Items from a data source
--*--

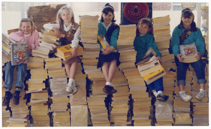 Riccarton Girl Guides and Brownies with stacks of telephone ...
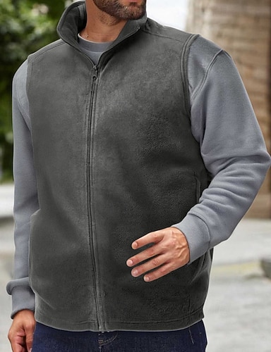 Hombre Chaleco al aire libre Chaleco Casual Exterior Vacaciones Moda Ropa de calle Invierno Otoño Full Zip Vellón Polyester Mantiene abrigado Plano Cremallera Escote Chino Ajuste regular Negro Marrón
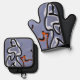 Figure with Feline: Abstract Blue, Orange, B & W Oven Mitt & Pot Holder Set
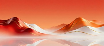 以红色为主色调的抽象背景,画面中充满了流动感的波浪形态,波浪从底部向上延伸,呈现出自然的曲线和渐变过渡,整体风格为现代简约的数字艺术,光影柔和,高光处呈现出明亮的橙黄色,阴影处则为深沉的红色,营造出温暖而富有动感的氛围,波浪边缘光滑细腻,具有丝绸般的光滑质感,背景为渐变的橙红色,从底部的深红色逐渐过渡到顶部的浅橙色,整个画面简洁而富有视觉冲击力,没有任何文字和装饰元素。
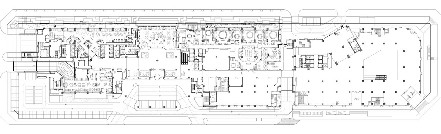 地塊東、北側(cè)規(guī)劃為住宅及配套設(shè)施;北側(cè)住宅高低錯落布置,東側(cè)住宅偏西15度角,以提高日照和景觀視野,并形成豐富的空間序列。南側(cè)為香格里拉大酒店和購物中心,酒店擁有420間客房,及在當?shù)厥浊恢傅?,600平方米宴會廳??头俊⑷詹蛷d、大堂吧、宴會前廳等均朝向中央公園。購物中心布置在人流較多的十字路口,與酒店連接為一體,以實現(xiàn)經(jīng)濟效果的相輔相成。

--*--

→ **Your instructions**: Give back every entry in full, exactly as written, with no picture included.

→ **Answer area**:
 Riccarton Girl Guides and Brownies with stacks of telephone ...
 Hombre Chaleco al aire libre Chaleco Casual Exterior Vacaciones Moda Ropa de calle Invierno Otoño Full Zip Vellón Polyester Mantiene abrigado Plano Cremallera Escote Chino Ajuste regular Negro Marrón
 Figure with Feline: Abstract Blue, Orange, B & W Oven Mitt & Pot Holder Set
 以红色为主色调的抽象背景,画面中充满了流动感的波浪形态,波浪从底部向上延伸,呈现出自然的曲线和渐变过渡,整体风格为现代简约的数字艺术,光影柔和,高光处呈现出明亮的橙黄色,阴影处则为深沉的红色,营造出温暖而富有动感的氛围,波浪边缘光滑细腻,具有丝绸般的光滑质感,背景为渐变的橙红色,从底部的深红色逐渐过渡到顶部的浅橙色,整个画面简洁而富有视觉冲击力,没有任何文字和装饰元素。
 地塊東、北側(cè)規(guī)劃為住宅及配套設(shè)施;北側(cè)住宅高低錯落布置,東側(cè)住宅偏西15度角,以提高日照和景觀視野,并形成豐富的空間序列。南側(cè)為香格里拉大酒店和購物中心,酒店擁有420間客房,及在當?shù)厥浊恢傅?,600平方米宴會廳??头俊⑷詹蛷d、大堂吧、宴會前廳等均朝向中央公園。購物中心布置在人流較多的十字路口,與酒店連接為一體,以實現(xiàn)經(jīng)濟效果的相輔相成。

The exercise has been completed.